Ilustrasi (ANTARA/Anis Efizudin)
Perempuan kelahiran Jakarta, 28 Juli 1956 itu juga menjelaskan terkait pergantian komisi penilaian AMDAL menjadi uji kelayakan. Ia mengatakan, dalam kurun waktu satu tahun, kira-kira dokumen AMDAL yang harus dianalisis itu mencapai 1.500. Dengan kondisi tersebut, pihaknya melakukan adjustment atau pengaturan terhadap komisi penilai AMDAL.
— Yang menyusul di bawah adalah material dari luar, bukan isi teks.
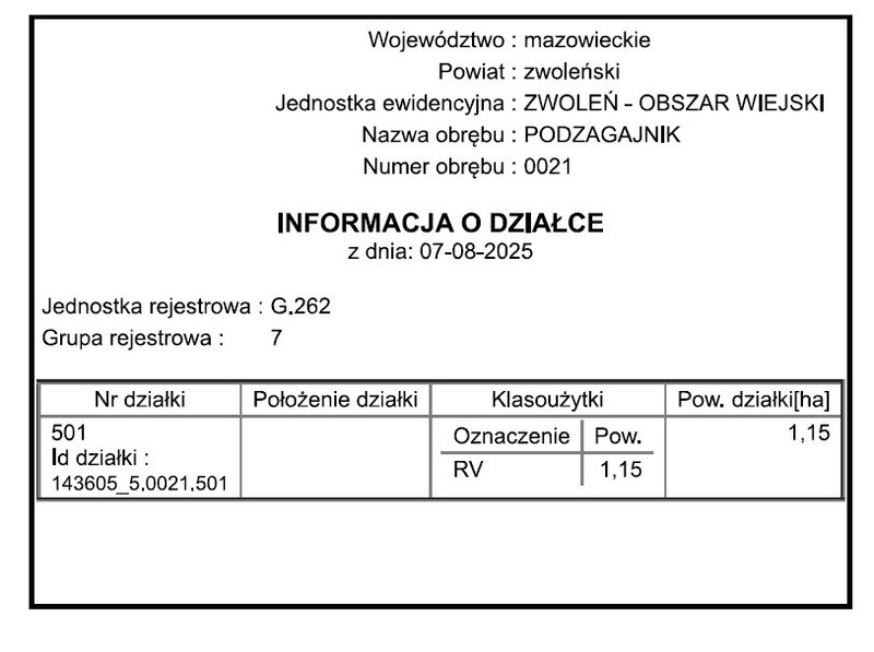 Nieruchomość składa się z dwóch działek o nr 3227 oraz 501, obręb Podzagajnik, gm. Zwoleń.

"Saya ingin menegaskan bahwa dasar pemikiran pergantian sistem komisi penilai AMDAL dengan sistem uji kelayakan adalah berdasarkan evaluasi dan praktik empiris yang ada selama ini yang menyulitkan, sehingga dipahami oleh semua pihak di berbagai tempat kok lama sekali ya AMDAL-nya," jelasnya.
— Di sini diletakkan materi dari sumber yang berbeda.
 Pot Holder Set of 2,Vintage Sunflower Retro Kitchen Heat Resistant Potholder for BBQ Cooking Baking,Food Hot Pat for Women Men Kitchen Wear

Dengan kondisi seperti itu, lanjutnya, dilakukan penyesuaian prosedur dan sistemnya dengan penerapan uji kelayakan oleh lembaga uji kelayakan.
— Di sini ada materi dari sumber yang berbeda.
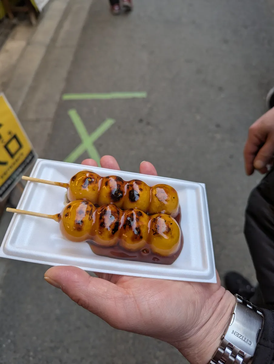 お参り後、参道からの商店街で焼きたてのみたらし団子を食べ、山椒の実も購入。
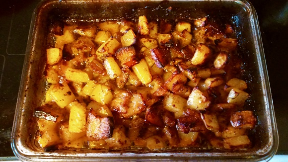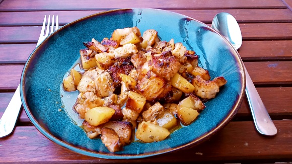 Ich habe es mir leicht gemacht und bereits gewürzten Schweinebauch gekauft. Den gab es nämlich gerade im Angebot. Allerdings wird das Gericht damit etwas, na nennen wir es reichhaltiger. Weshalb ich das überschüssige Fett am Ende entfernt habe. Auch habe ich die letzten 20 Minuten im Ofen den Deckel wieder entfernt, damit es etwas „krustiger“ wird. Mit dem Ergebnis war ich dann mehr als zufrieden: krosse Kartoffeln und Fleisch, dass auf der Zunge zergeht.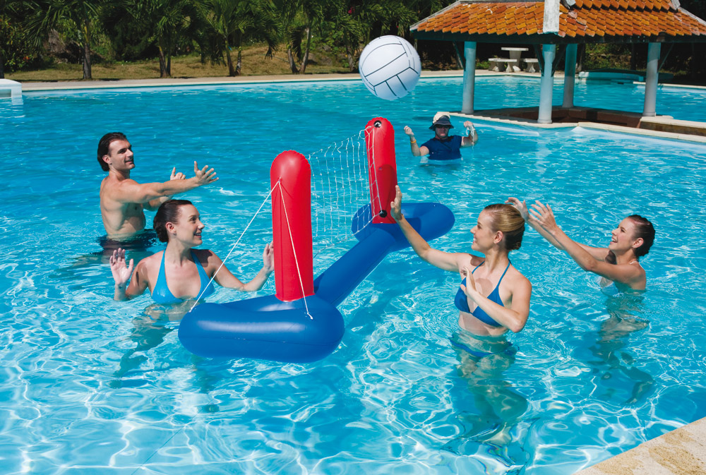 Nafukovacia volejbalová súprava pre každý typ bazéna. S touto hrou si v bazéne užijete veľa zábavy. Vyrobená z pevného vinylu.

"Sehingga terjadi standarisasi sistem, konsepnya dilakukan uji kelayakan yang dibentuk oleh pemerintah pusat dalam melakukan tugasnya, dia membantu gubernur, bupati, wali kota menerbitkan persetujuan lingkungan," kata Siti.
Dengan sistem tersebut, Siti menilai uji kelayakan dilaksanakan sesuai dengan Norma Standar, Prosedur dan Kriteria (NSPK). Untuk jumlah tim uji kelayakan akan disesuaikan dengan beban penilaian AMDAL di masing-masing daerah.
"Sehingga keterlambatan akibat penumpukan beban dapat dihindari, nah tim uji kelayakan ini adalah para ahli yang akan banyak terlibat dan kepadanya sebagai anggota dipersyaratkan harus memiliki sertifikat agar dokumen AMDAL dapat dipertanggungjawabkan secara saintifik ilmiah," lanjutnya.